Neutron Star Masses and Radii from Quiescent Low-Mass X-ray Binaries

TL;DR

This study systematically analyzes neutron star radii from quiescent low-mass X-ray binaries, exploring how distance, absorption, and atmospheric composition affect measurements, and constrains the neutron star equation of state using Bayesian methods.

Contribution

It introduces a semi-analytic atmospheric model and applies Bayesian analysis to derive neutron star mass-radius relations considering various observational uncertainties.

Findings

Some absorption models are disfavored.

Hadronic matter is favored over exotic matter in neutron star composition.

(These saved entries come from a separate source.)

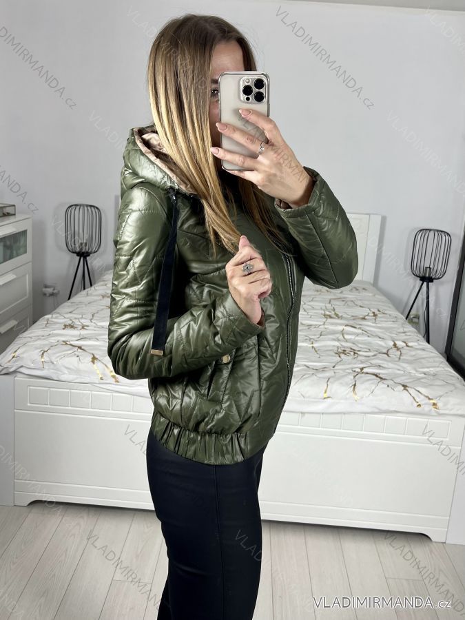 Bunda jesenná s kapucňou dámska (XS-XL) POĽSKÁ MóDA PMWC23B8219-11 Kaki XS
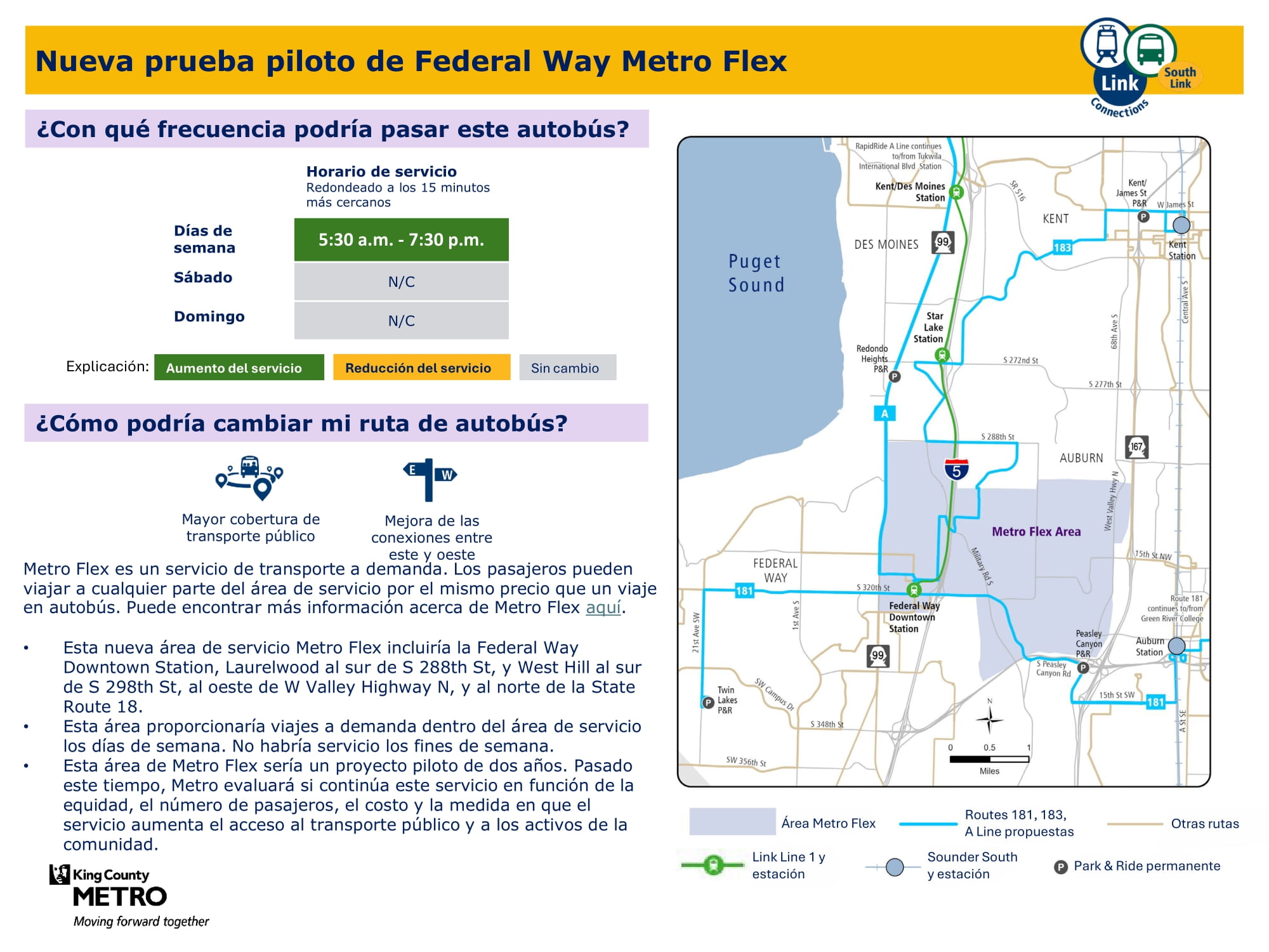 | Prueba piloto de Metro Flex en Federal Way Presta servicio a Federal Way y Auburn | Nueva zona piloto de Metro Flex que ofrece servicio a demanda de lunes a viernes. Servicio en la estación Federal Way Downtown, Laurelwood al sur de S 288th St y West Hill al sur de S 298th St, al oeste de W Valley Highway N y al norte de la Ruta estatal 18. |
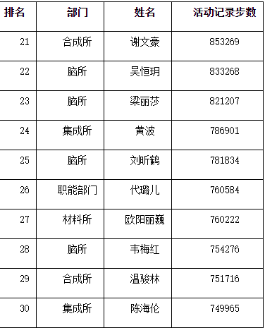 健步总里程中,健步总步数在SIAT总排行榜前10名的,颁发健步总里程奖金奖奖牌一枚,奖励科苑群团云工会300元提货券;健步总步数在SIAT总排行榜第11-20名的,颁发健步总里程奖银奖奖牌一枚,奖励科苑群团云工会200元提货券;健步总步数在SIAT总排行榜第21-30名,颁发健步总里程奖铜奖奖牌一枚,奖励科苑群团云工会100元提货券;具体名单如下:
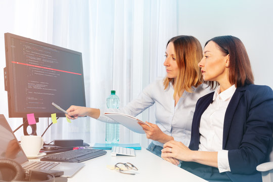 Profile photo of it specialist two serious guy lady business people night together coworking watch direct monitor errors bugs writing interface back-end java script code office indoors
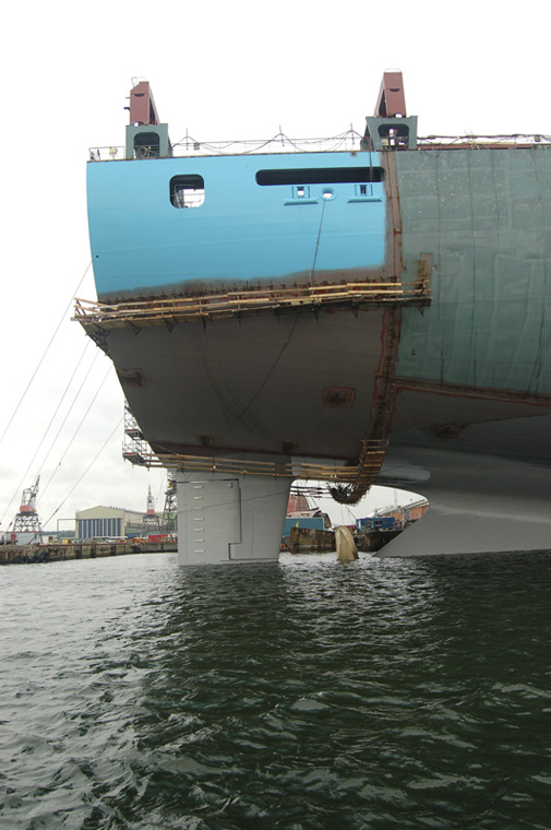 We sailed to the Lindø shipyard during a VIP-trip. We saw a new - very large - PS-series container vessel to Maersk Line during fittig-out.
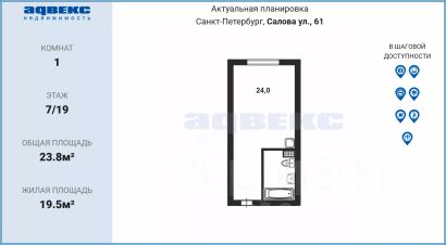 Отличная транспортная доступность. Станция метро и остановки общественного транспорта в 2-х минутах пешком. До центра на метро - 10 минут, до аэропорта - 30 минут на автомобиле.
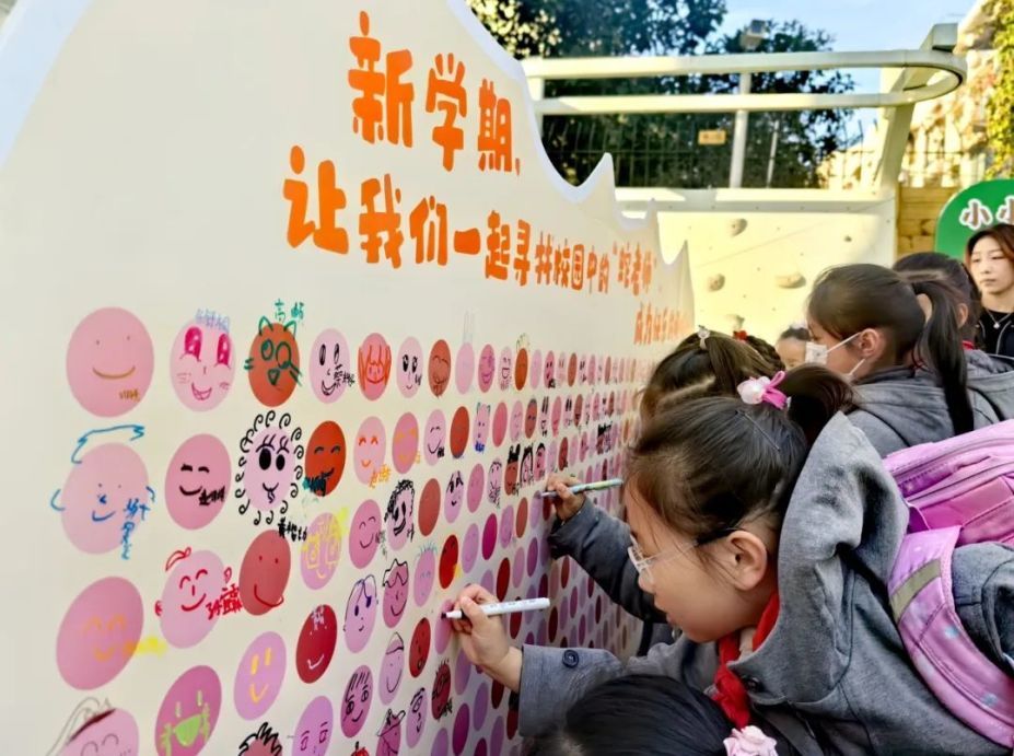 让每一个学生感受到重回校园的幸福,正是竹园小学策划开学日活动的初衷。作为首批上海市儿童友好学校试点校,竹园小学在开学日的细节上下足功夫:书签墙、心愿墙、笑脸墙,三块展板的高度都是为学生量身定做的,张杨校区1100多名学生可自选一种祝福方式,获得开启新学年新成长的仪式感。学校还引入寒假热门电影里的哪吒形象,鼓励学生学习哪吒身上的可贵精神,并在新学期成立“齐迹学院”哪吒分学院,在蛇年为小笋芽们拓展更多学习空间。
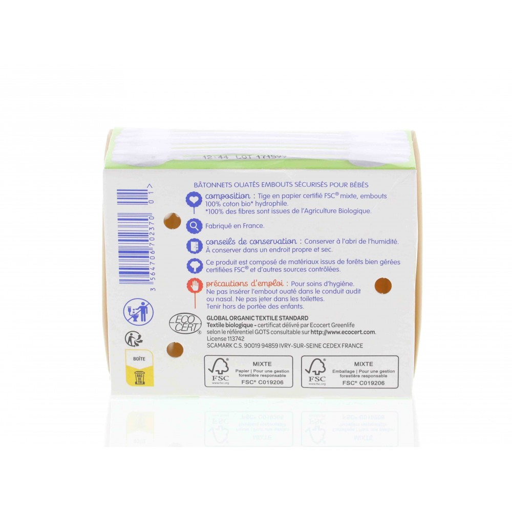 Tige en papier certifié FSC® mixte, coton hydrophile blanchi issu de l'agriculture biologique.
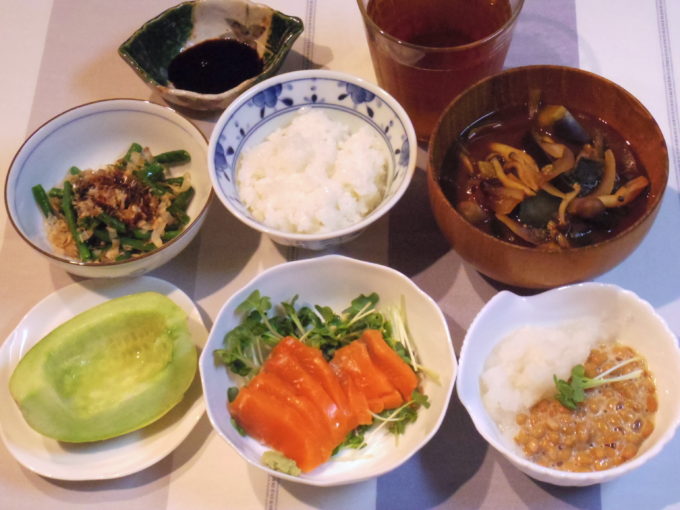 ご飯、味噌汁(ワカメ、タマネギ、シメジ、ナス)、サーモンの刺身(カイワレ大根)、おろし納豆、ササゲのおひたし、タイガーメロン
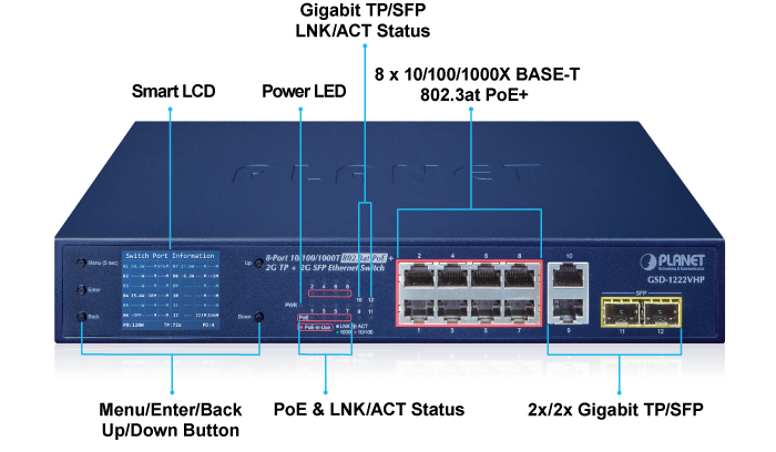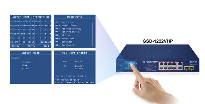 PLANET GSD-1222VHP ofrece un panel de color intuitivo en su panel frontal que facilita la gestión de Ethernet y la gestión de PD PoE. Promueven en gran medida la eficiencia de la gestión en redes a gran escala para empresas, hoteles, centros comerciales, edificios gubernamentales y otras áreas públicas, y cuentan con las siguientes funciones especiales de gestión y estado:
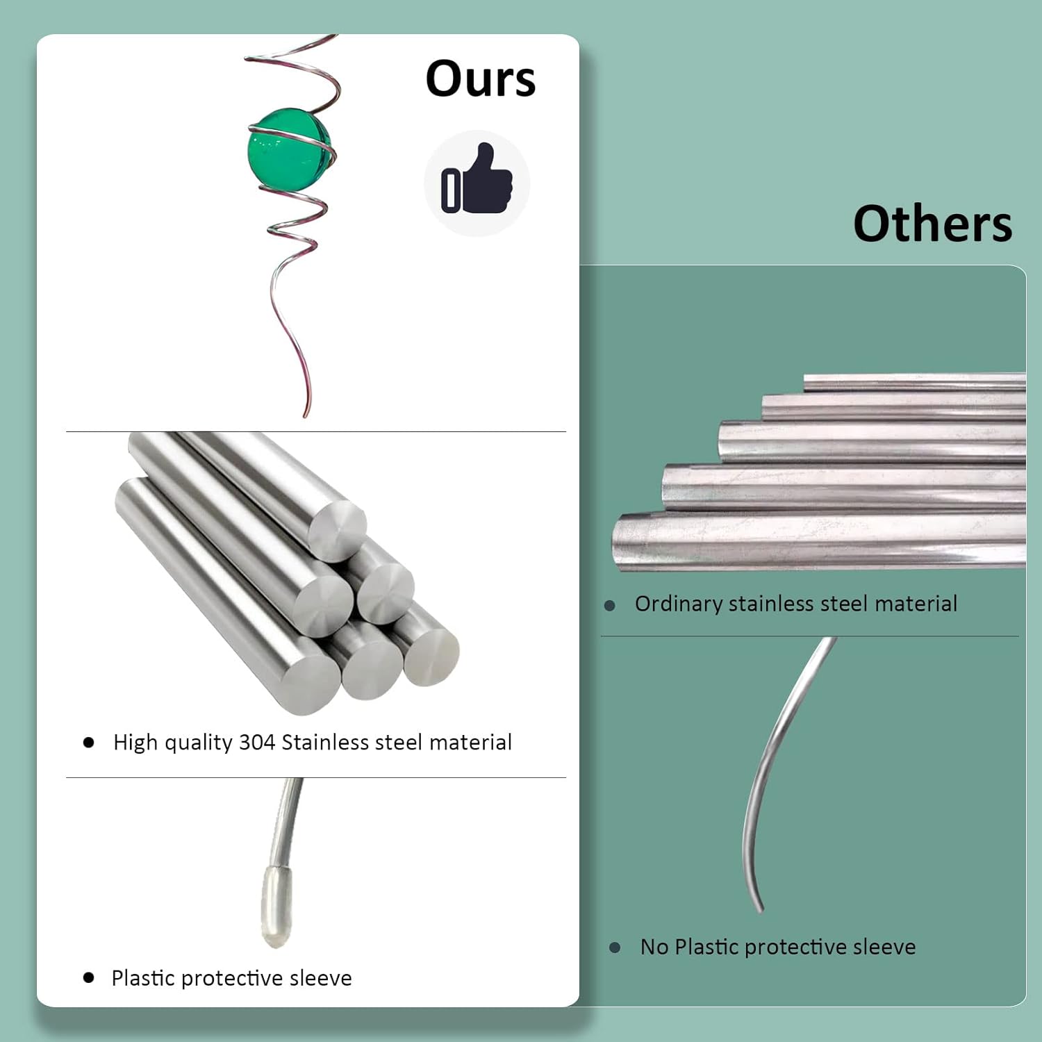 - 【High Quality】11inch height spiral tail made of #304 stainless steel wire,the 2inch colored ball made of pure solid color glass material,have good weather resistant,no fading under sunshine.Better quality than iron material with nickle plating and painting color glass ball in the market.
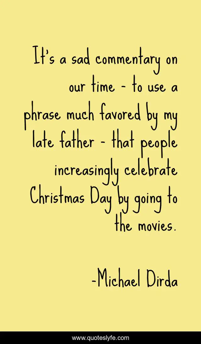 This page presents the quote "It's a sad commentary on our time - to use a phrase much favored by my late father - that people increasingly celebrate Christmas Day by going to the movies.". Author of this quote is Michael Dirda. This quote is about time, father, sad,.
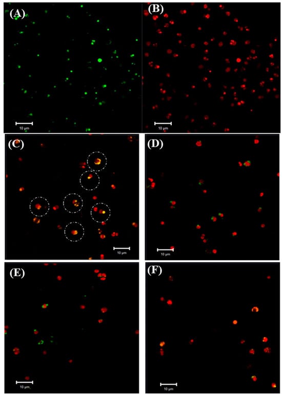 Images of lipid vesicles under non-thermal plasma. CLSM study of lipid content in Chlorella sp. with different plasma treatment times: (A,B) control (0 min); (C) 4 min; (D) 8 min; (E) 12 min; (F) 16 min.
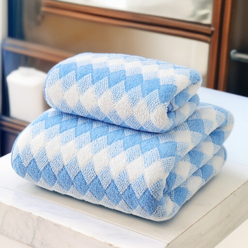 コーラルフリースのダイヤモンド柄タオルとバスタオル
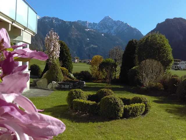 Das Apart Heim bietet ein geräumiges Apartment mit einem Schlafzimmer und einem kombinierten Wohnzimmer mit einer Küche, einem Essbereich und einem Schlafsofa. Das Apartment ist im modernen alpenländischen Stil eingerichtet und verfügt über Holzmöbel und -böden. Es gibt auch ein Badezimmer sowie eine Terrasse im Erdgeschoss und einen Balkon auf der oberen Etage, die beide einen herrlichen Blick auf die Zillertaler Alpen bieten.
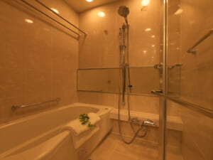 浴室は浴槽と洗い場がゆったりと確保された設計で、日々の疲れをしっかりと癒せる空間です。手すりやカウンターが設けられており、使い勝手にも配慮されています。浴室乾燥機にも対応しており、天候に左右されず洗濯物を乾かせるのも便利なポイントです。
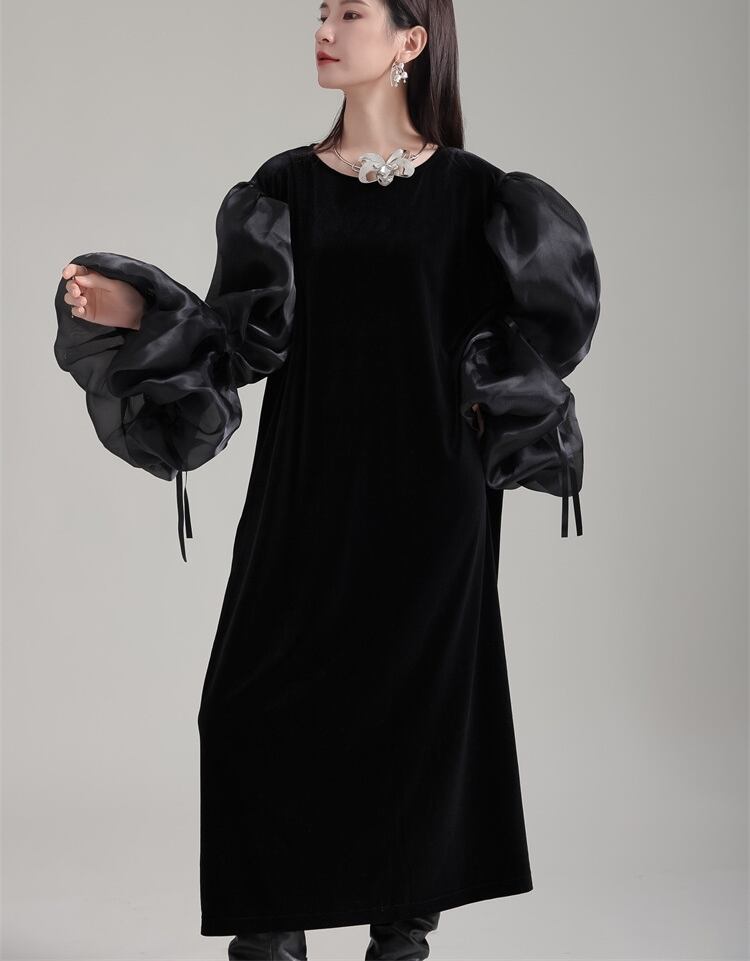 ワンピース ロングワンピース 長袖 ボリューム袖 ストレートスカート シースルー 異素材ミックス 可愛い かわいい 大人可愛い きれいめ シンプル 上品 おしゃれ レトロ かっこいい カジュアル こなれ感 個性的 主役級 存在感 抜け感 秋 冬 ベーシック ナチュラル エレガント フォーマル 無地 女性用 レディース ママ デート お出かけ お泊まり 女子会 旅行 休日 カフェ ショッピング コンパ パーティー 二次会 普段使い デイリー イベント 着回し 重ね着 脚長 ワンサイズ トレンド モテ
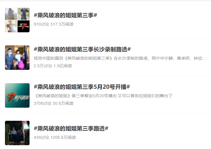 5月,《浪姐3》再次引爆全网。#宁静那英打起来##宁那贝儿##郑秀妍 二代团yyds##王心凌乘风破浪再唱爱你#等诸多“古早明星”名场面频频登上热搜,引得观众们纷纷陷入回忆。据芒果TV节目战报统计,《乘风破浪》连续两周霸榜热搜,其中包括日均98个全端热搜,和15个微博热搜。

Predicted neutron star radii align with current nuclear physics constraints.

Abstract

We perform a systematic analysis of neutron star radius constraints from five quiescent low-mass X-ray binaries and examine how they depend on measurements of their distances and amounts of intervening absorbing material, as well as their assumed atmospheric compositions. We construct and calibrate to published results a semi-analytic model of the neutron star atmosphere which approximates these effects for the predicted masses and radii. Starting from mass and radius probability distributions established from hydrogen-atmosphere spectral fits of quiescent sources, we apply this model to compute alternate sets of probability distributions. We perform Bayesian analyses to estimate neutron star mass-radius curves and equation of state (EOS) parameters that best-fit each set of distributions, assuming the existence of a known low-density neutron star crustal EOS, a simple model for the high-density EOS, causality, and the observation that the neutron star maximum mass exceeds $2~M_\odot$. We compute the posterior probabilities for each set of distance measurements and assumptions about absorption and composition. We find that, within the context of our assumptions and our parameterized EOS models, some absorption models are disfavored. We find that neutron stars composed of hadrons are favored relative to those with exotic matter with strong phase transitions. In addition, models in which all five stars have hydrogen atmospheres are found to be weakly disfavored. Our most likely models predict neutron star radii that are consistent with current experimental results concerning the nature of the nucleon-nucleon interaction near the nuclear saturation density.